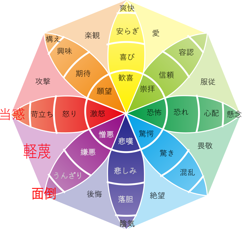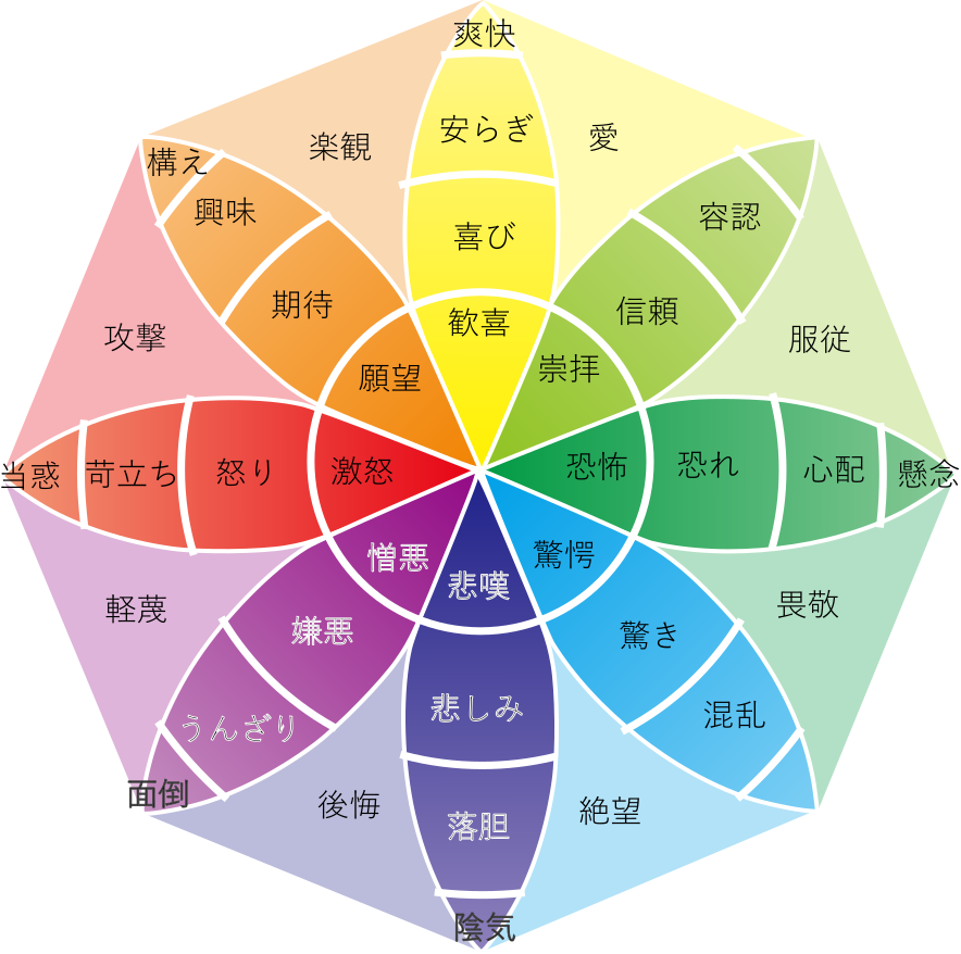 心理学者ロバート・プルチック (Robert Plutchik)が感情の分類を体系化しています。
◇ ◇ ◇
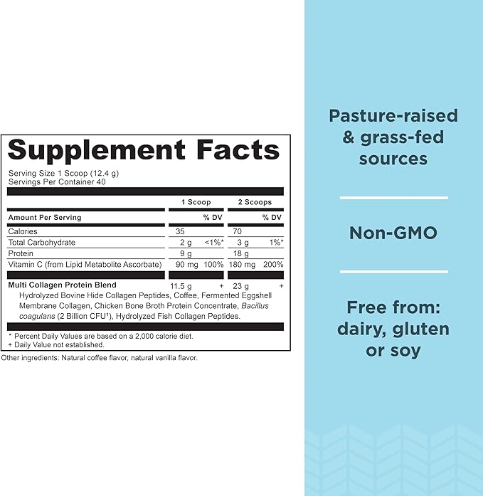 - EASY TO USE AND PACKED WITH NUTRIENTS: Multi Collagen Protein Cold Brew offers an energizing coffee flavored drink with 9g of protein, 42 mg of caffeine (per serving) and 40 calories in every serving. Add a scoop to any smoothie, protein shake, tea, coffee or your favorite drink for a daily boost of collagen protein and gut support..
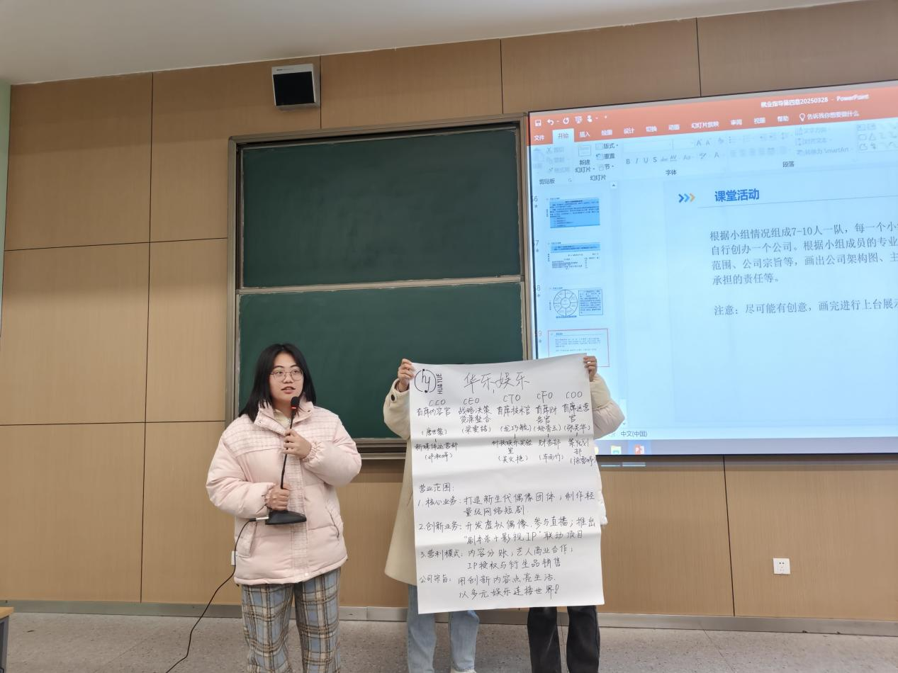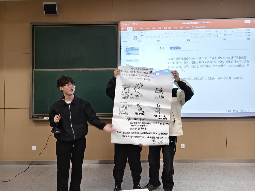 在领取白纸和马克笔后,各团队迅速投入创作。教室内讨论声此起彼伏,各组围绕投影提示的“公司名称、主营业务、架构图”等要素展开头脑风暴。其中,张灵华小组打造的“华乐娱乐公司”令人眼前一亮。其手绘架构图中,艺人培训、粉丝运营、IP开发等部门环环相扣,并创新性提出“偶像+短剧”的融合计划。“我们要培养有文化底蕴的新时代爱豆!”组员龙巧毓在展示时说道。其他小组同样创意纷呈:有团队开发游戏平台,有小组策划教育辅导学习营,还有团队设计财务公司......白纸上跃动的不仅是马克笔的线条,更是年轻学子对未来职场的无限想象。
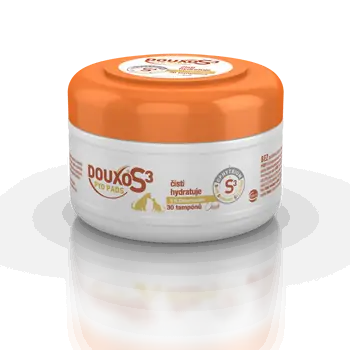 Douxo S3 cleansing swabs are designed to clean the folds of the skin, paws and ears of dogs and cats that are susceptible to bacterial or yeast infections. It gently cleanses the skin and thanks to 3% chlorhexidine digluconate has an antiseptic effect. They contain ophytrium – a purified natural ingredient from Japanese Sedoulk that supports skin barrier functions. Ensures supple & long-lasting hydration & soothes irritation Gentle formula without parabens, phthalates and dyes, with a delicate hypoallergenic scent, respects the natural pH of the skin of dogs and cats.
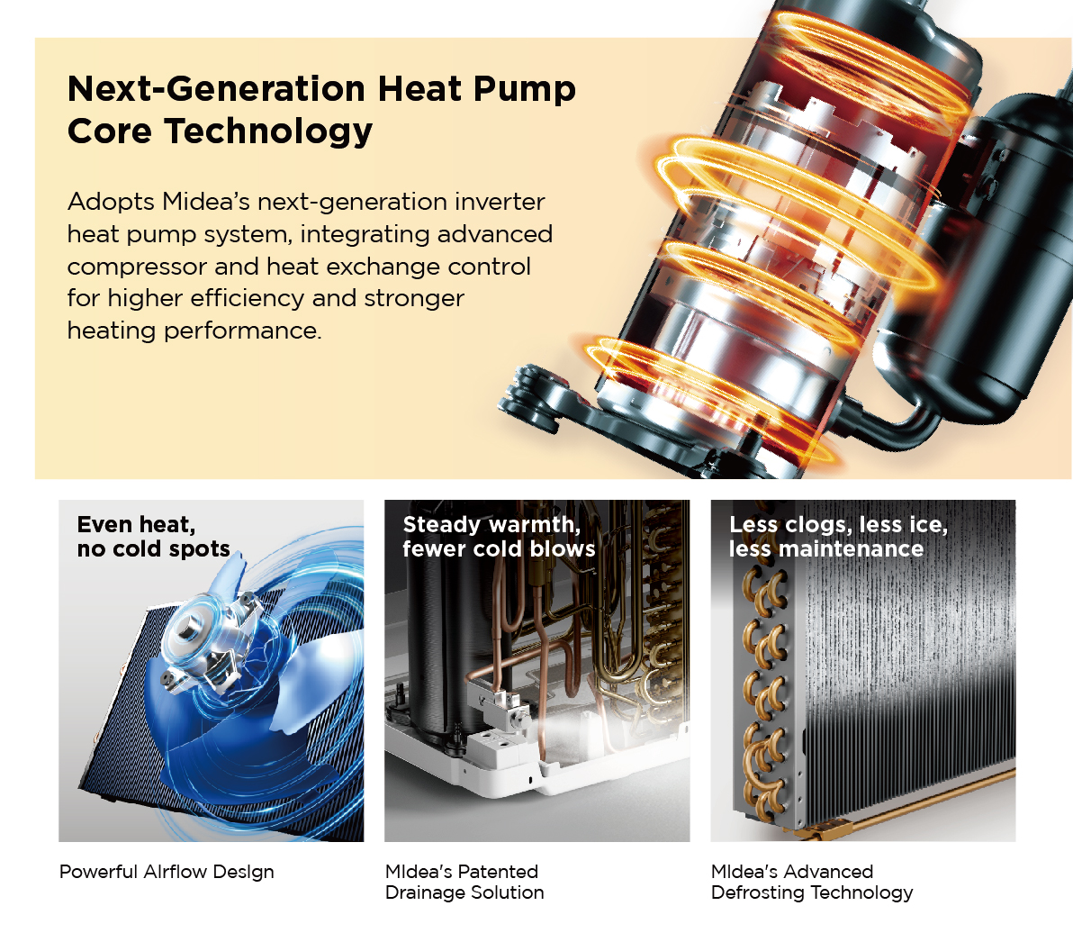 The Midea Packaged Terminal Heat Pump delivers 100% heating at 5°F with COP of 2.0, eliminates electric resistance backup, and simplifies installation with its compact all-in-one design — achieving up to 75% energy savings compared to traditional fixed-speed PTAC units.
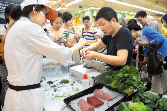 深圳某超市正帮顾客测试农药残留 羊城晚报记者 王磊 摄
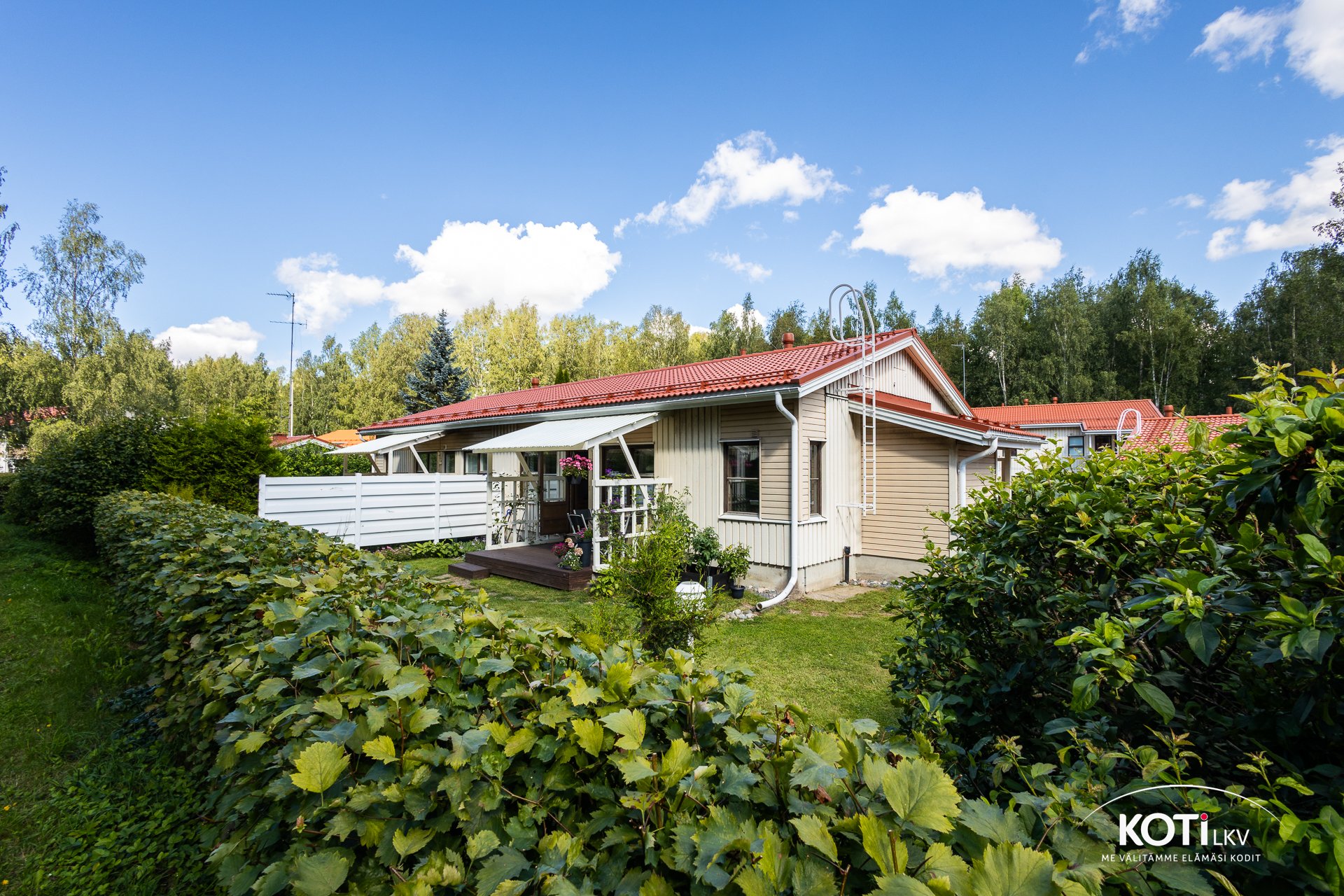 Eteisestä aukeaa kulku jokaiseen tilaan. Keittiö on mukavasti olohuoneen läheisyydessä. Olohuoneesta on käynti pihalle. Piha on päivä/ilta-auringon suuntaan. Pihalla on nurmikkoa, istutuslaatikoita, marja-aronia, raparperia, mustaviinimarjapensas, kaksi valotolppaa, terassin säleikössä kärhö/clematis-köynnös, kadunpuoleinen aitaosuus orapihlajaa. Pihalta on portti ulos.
◇ ◇ ◇
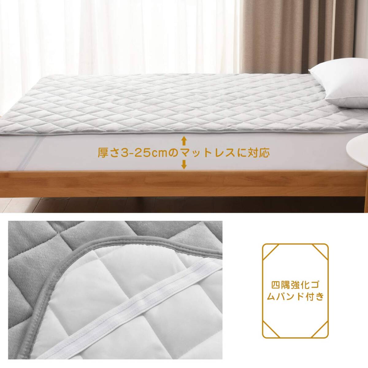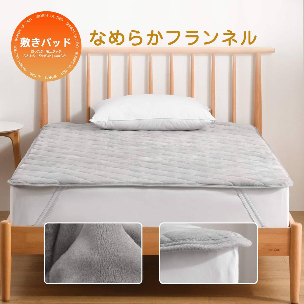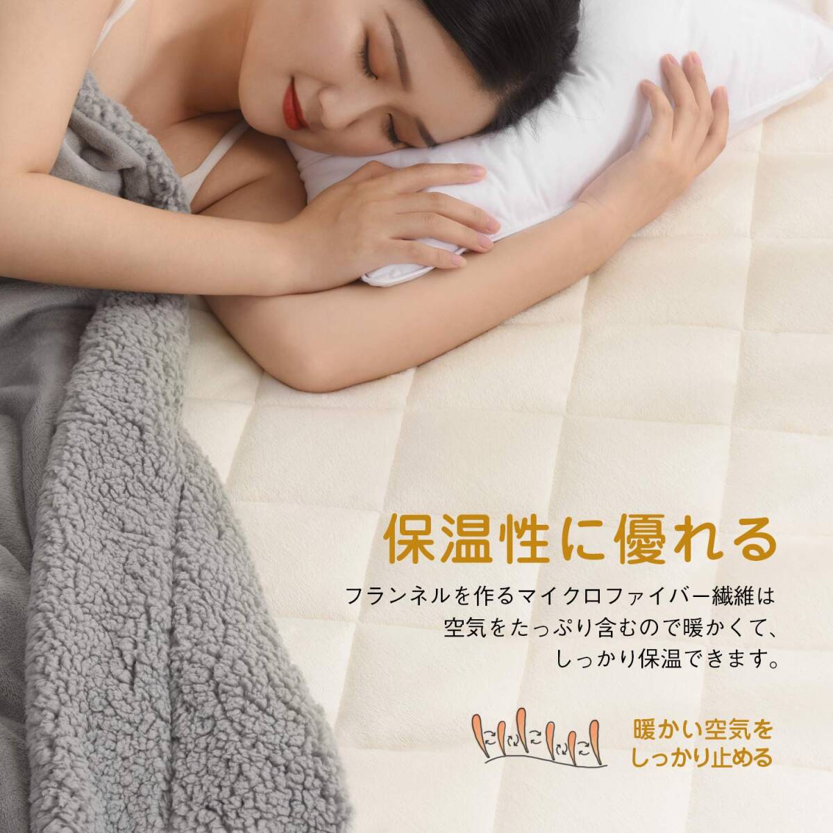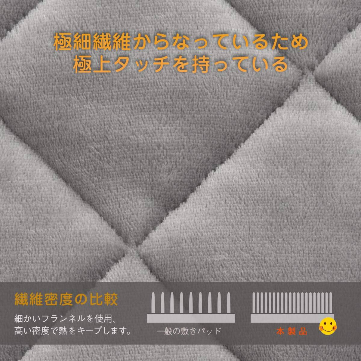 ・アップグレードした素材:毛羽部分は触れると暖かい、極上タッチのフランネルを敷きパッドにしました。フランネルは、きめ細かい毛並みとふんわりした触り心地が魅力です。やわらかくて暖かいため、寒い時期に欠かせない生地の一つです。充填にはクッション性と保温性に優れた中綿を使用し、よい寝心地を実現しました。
◇ ◇ ◇
* Activity:
Using the data above, transcribe exactly the lines between those containing "深圳某超市正帮顾客测试农药残留 羊城晚报记者 王磊 摄" and "Eteisestä aukeaa kulku", inclusive, and leave every picture behind.

* Answer section:
 深圳某超市正帮顾客测试农药残留 羊城晚报记者 王磊 摄
 Eteisestä aukeaa kulku jokaiseen tilaan. Keittiö on mukavasti olohuoneen läheisyydessä. Olohuoneesta on käynti pihalle. Piha on päivä/ilta-auringon suuntaan. Pihalla on nurmikkoa, istutuslaatikoita, marja-aronia, raparperia, mustaviinimarjapensas, kaksi valotolppaa, terassin säleikössä kärhö/clematis-köynnös, kadunpuoleinen aitaosuus orapihlajaa. Pihalta on portti ulos.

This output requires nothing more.